If there are those that are doing things right in terms of local investments for livelihoods enhancement, there should be others who can succeed in the same terms, fancies Kachepatsonga.

She claims that she always believes in following a people she shares the same ideologies with.

“At the end, life becomes transformed in your own liking because you seek what you like. A group that is so firm about its progress should be necessary for locals like us who often lack basic business acumen,” she states.

Among them, every trouble is shared without a glitch and might soon become a symbol of their resilience and hope as they search for something that will preserve their identity.

“In Kakhome Comsip Cooperative Bakery, the future is now,” this is a mutual statement from both Banda and Kachepatsonga as they brag about how they have navigated familiar logjams.

Banda recalls that all the differences that members had from their communities got easily buried in their united purpose for improved livelihoods.

“Once in our group, we do one thing as long as we are sure we are doing the right thing,” Banda discloses distinctly.

Shared responsibilities

In the Comsip Cooperative just like in other similar enterprises in T/A Kawamba’s jurisdiction, triumph further banks on dividing that which needs more hands and brains to accomplish.

That also allows those with leadership skills to exploit them to their fullest.

“For instance, I am in the production department, and I have to ensure nothing prevents us from harvesting enough according to the means and space that we have,” Kakhome Comsip Cooperative Production Chairperson Abel Chaliwa says.

And those doing the marketing matters ensure people are willing—or compelled to be willing— to buy their products regardless of where they are produced.

They take them to trading centres and other busy places where all assessments about demand and supply are given full attention.

Then, they know where the market is and how they can make it more effective.

The group’s resilience and unity also excite Comsip Community Facilitator responsible for T/A Kawamba Maxton Banda who admits he always finds it easy to interact with these men and women.

“We have regular engagements with them according to their needs.
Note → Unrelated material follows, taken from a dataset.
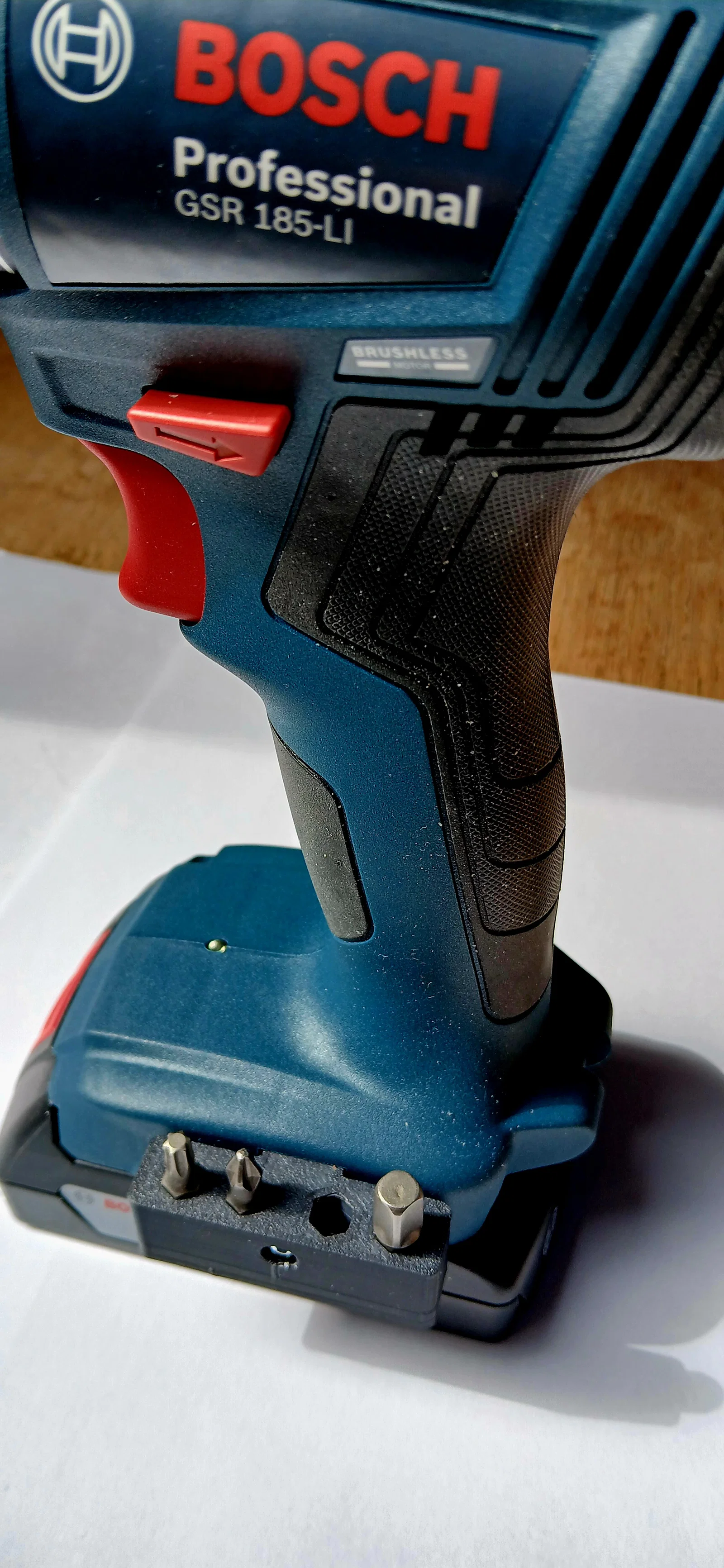 Khay được thiết kế tinh tế để ôm sát vào phần đế pin của dòng máy khoan Bosch GSR 185-LI. Việc lắp đặt vô cùng đơn giản, không làm ảnh hưởng đến cấu tạo hay tính thẩm mỹ của máy. Với khay này, anh em có thể mang theo cùng lúc nhiều loại đầu vít khác nhau, từ đầu bake, đầu sao cho đến các đầu chuyển đổi, giúp công việc sửa chữa trở nên chuyên nghiệp và nhanh chóng hơn bao giờ hết.

One important thing is that they always approach me when there is something on which they need help,” Banda stresses.

He adds that households that have one or two of their members in the cooperative have improved their livelihoods within a short period of time.

He states: “It is clear that through the group, they have acquired properties they initially didn’t have. Some have built iron sheet-roofed houses and are rearing more livestock.”

With the cooperative now owning K2.5 million, they hope to up their bakery business and strive towards producing more than the 10 kilogrammes daily average that is the case currently.

They are adamant about this despite that they are several kilometres away from electricity power lines, almost in the middle of a jungle.